A) REST API via z/OS Connect B) MQ publish/subscribe C) File-based transfer via Connect:Direct D) Change Data Capture with real-time replication
Answer: C Explanation: File-based transfer via Connect:Direct is optimal for high-volume, batch-scheduled data movement. It provides checkpoint/restart, compression, and guaranteed delivery — all critical for a 14-million-record transfer. APIs would be too slow (serial processing), MQ has per-message overhead that is prohibitive at this volume, and CDC is for incremental changes, not full extracts.
Question 2
What is the primary advantage of Connect:Direct over FTP for mainframe file transfers?
A) Connect:Direct supports EBCDIC encoding B) Connect:Direct provides checkpoint/restart for interrupted transfers C) Connect:Direct is free while FTP requires licensing D) Connect:Direct supports binary file transfer
Answer: B Explanation: Checkpoint/restart is Connect:Direct's killer feature. A 50GB transfer that fails at 38GB resumes from the last checkpoint rather than restarting from the beginning. FTP also supports EBCDIC and binary transfer, and Connect:Direct requires commercial licensing. The checkpoint/restart capability alone justifies Connect:Direct's cost for large enterprise transfers.
Question 3
In a GDG-based handoff pattern, what does the relative generation number (0) refer to?
A) The first generation ever created B) The generation currently being written C) The most recently cataloged generation D) The generation with the lowest sequence number
Answer: C
Explanation: GDG relative generation (0) always refers to the most recently cataloged (current) generation. (+1) refers to the next generation to be created, and (-1) refers to the generation before the current one.
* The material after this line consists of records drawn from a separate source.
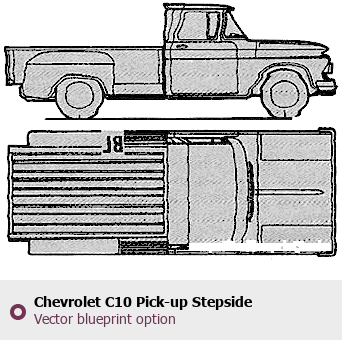 Raster blueprint of the 1962 Chevrolet C10 Pick-up Stepside Pickup Truck. This free downloadable image can be used for graphic projects, digital design, and 3D modeling. The file provides accurate exterior proportions of the vehicle. Model year: 1962. Body type: Pickup Truck.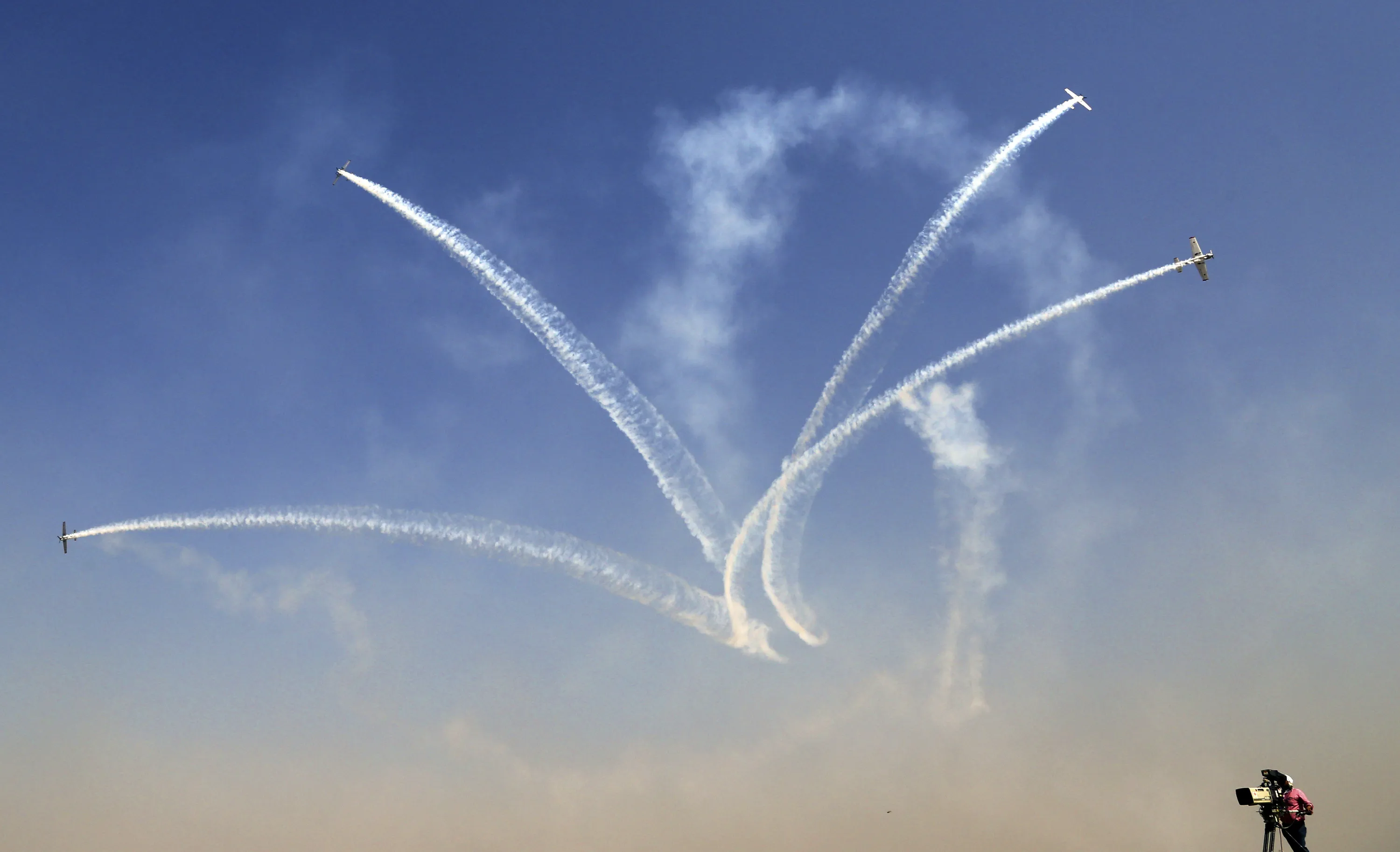 A cameraman films as Russian aerobatic team Yakovlev performs at the inaugural function of Aero India 2015 at Yelahanka air base in Bangalore, India, Wednesday, February 18, 2015. (Photo by Aijaz Rahi/AP Photo)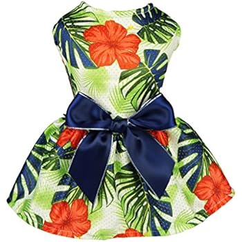Fitwarm Hawaiian Palm Dog Clothes Dresses Vest Shirts Pet Cat Apparel Green Large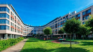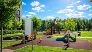 На территории оборудованы спортивные и детские площадки, зоны отдыха и обогреваемые беседки, разбит фруктовый сад. На первом этаже второго корпуса открыта детская поликлиника.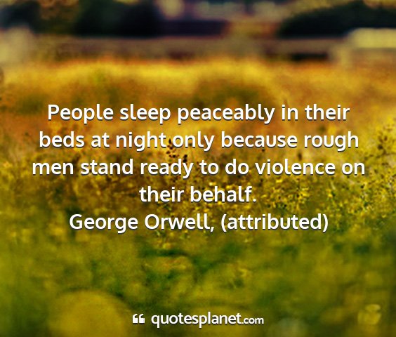 People sleep peaceably in their beds at night only because rough men stand ready to do violence on their behalf.George Orwell, (attributed)

This relative referencing is what makes GDGs powerful for producer-consumer patterns — the consumer always reads (0) regardless of the absolute generation number.
Question 4
What is the purpose of a control record in a file-based integration?
A) To compress the file for efficient transfer B) To encrypt sensitive data fields C) To provide record counts, hash totals, and metadata for validation D) To specify the target system for the file
Answer: C Explanation: Control records (header and/or trailer) contain metadata that the consumer uses to validate file completeness and integrity. Record counts verify no records were lost during transfer. Hash totals verify data integrity. Timestamps and business dates confirm the file contains expected data. Without control records, a consumer cannot distinguish between a complete file and a truncated one.
Question 5
In MQ content-based routing, what should happen when a message has an unrecognized type?
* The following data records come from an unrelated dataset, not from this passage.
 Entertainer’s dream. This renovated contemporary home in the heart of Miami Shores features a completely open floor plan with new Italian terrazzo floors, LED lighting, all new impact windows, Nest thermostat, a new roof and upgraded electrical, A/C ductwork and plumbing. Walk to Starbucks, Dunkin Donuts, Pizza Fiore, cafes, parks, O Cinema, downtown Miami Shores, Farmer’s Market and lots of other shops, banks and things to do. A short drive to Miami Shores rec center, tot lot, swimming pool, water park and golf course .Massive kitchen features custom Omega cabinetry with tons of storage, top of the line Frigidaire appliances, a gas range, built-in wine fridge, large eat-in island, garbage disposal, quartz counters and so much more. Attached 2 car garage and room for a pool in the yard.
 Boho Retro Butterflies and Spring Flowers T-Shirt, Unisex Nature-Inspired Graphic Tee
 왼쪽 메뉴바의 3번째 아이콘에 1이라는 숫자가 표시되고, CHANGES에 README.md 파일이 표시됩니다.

A) Silently discard the message B) Return the message to the sender C) Route to a dead-letter or unrouted queue and generate an alert D) Hold the message until a new routing rule is added
Answer: C Explanation: Unrecognized messages must NEVER be silently discarded. Routing them to a designated unrouted/dead-letter queue preserves the message for investigation while generating an alert to notify operations staff. This catches cases where new message types are introduced upstream without corresponding routing rules, preventing silent data loss.
Question 6
What problem does a canonical data model solve in enterprise integration?
A) It eliminates the need for data encryption B) It reduces the number of transformations from N(N-1) to 2N C) It guarantees zero data loss during transfer D) It automatically converts between EBCDIC and ASCII
Answer: B Explanation: Without a canonical model, N systems exchanging data require up to N(N-1) point-to-point transformations. A canonical data model defines one common format; each system needs only a "to canonical" and "from canonical" transformer, reducing the total to 2N. For CNB with five downstream consumers plus the mainframe (N=6), that's 30 transformations without canonical versus 12 with canonical.
Question 7
Which CDC approach requires NO changes to existing COBOL application programs?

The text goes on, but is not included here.